=== Your instructions ===
Leave out all pictures while you copy the lines exactly from the one with "Маникюр с кошками и стразами: дизайн, фото" through the last line of the listing.

Available data Block Start

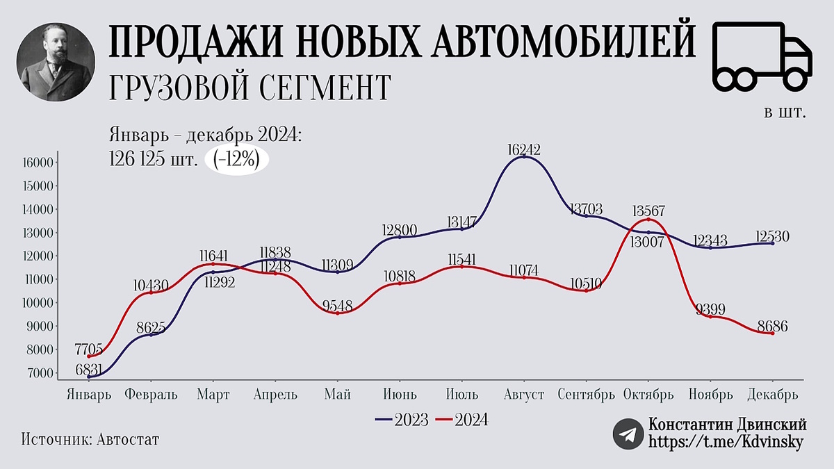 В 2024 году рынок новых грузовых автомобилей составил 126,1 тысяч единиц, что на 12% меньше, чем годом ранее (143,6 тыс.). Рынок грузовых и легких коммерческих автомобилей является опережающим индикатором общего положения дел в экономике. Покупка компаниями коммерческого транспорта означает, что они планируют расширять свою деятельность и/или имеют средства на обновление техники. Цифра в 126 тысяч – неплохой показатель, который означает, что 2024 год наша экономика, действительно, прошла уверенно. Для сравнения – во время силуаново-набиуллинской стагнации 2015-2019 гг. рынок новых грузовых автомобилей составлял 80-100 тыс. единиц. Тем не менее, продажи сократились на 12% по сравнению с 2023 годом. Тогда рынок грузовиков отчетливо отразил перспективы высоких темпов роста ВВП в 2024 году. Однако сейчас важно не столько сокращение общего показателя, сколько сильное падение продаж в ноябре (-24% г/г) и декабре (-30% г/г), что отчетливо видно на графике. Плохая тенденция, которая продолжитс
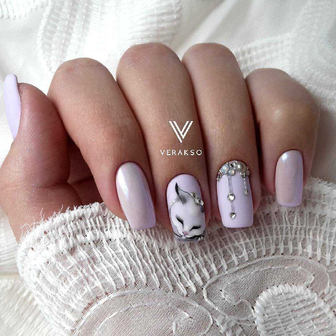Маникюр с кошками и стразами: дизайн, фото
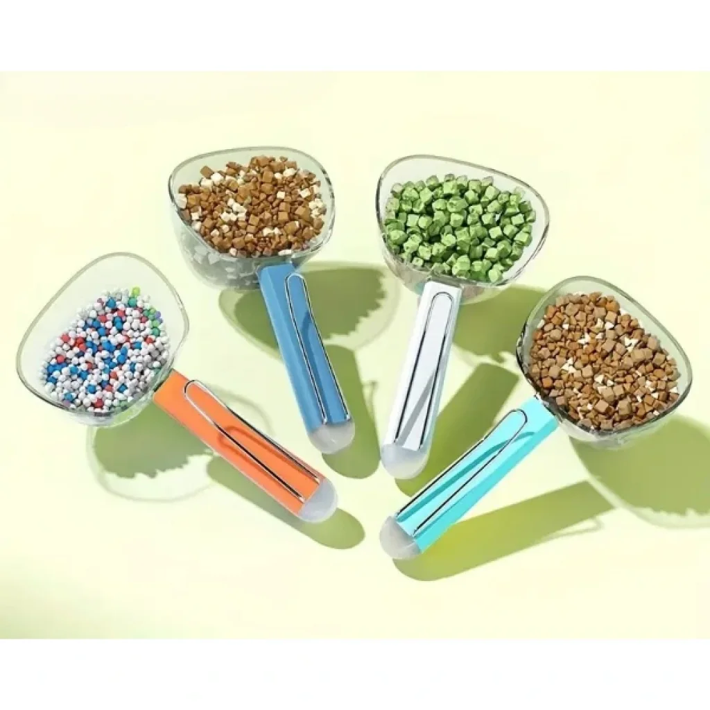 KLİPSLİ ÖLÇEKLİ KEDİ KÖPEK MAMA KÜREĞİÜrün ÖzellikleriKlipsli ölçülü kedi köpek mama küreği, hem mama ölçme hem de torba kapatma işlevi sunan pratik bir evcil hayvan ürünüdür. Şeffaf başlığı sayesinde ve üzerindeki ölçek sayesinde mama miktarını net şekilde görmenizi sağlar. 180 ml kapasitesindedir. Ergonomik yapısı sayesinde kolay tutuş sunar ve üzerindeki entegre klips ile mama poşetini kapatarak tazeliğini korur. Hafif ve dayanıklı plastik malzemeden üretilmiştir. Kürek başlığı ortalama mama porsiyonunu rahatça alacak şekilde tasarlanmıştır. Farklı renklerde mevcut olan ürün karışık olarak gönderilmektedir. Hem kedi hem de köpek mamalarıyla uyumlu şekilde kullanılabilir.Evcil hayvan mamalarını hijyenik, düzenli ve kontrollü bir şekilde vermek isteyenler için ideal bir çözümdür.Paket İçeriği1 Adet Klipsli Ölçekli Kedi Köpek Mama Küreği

Available data Block End

=== Solution to this task ===
Маникюр с кошками и стразами: дизайн, фото
 KLİPSLİ ÖLÇEKLİ KEDİ KÖPEK MAMA KÜREĞİÜrün ÖzellikleriKlipsli ölçülü kedi köpek mama küreği, hem mama ölçme hem de torba kapatma işlevi sunan pratik bir evcil hayvan ürünüdür. Şeffaf başlığı sayesinde ve üzerindeki ölçek sayesinde mama miktarını net şekilde görmenizi sağlar. 180 ml kapasitesindedir. Ergonomik yapısı sayesinde kolay tutuş sunar ve üzerindeki entegre klips ile mama poşetini kapatarak tazeliğini korur. Hafif ve dayanıklı plastik malzemeden üretilmiştir. Kürek başlığı ortalama mama porsiyonunu rahatça alacak şekilde tasarlanmıştır. Farklı renklerde mevcut olan ürün karışık olarak gönderilmektedir. Hem kedi hem de köpek mamalarıyla uyumlu şekilde kullanılabilir.Evcil hayvan mamalarını hijyenik, düzenli ve kontrollü bir şekilde vermek isteyenler için ideal bir çözümdür.Paket İçeriği1 Adet Klipsli Ölçekli Kedi Köpek Mama Küreği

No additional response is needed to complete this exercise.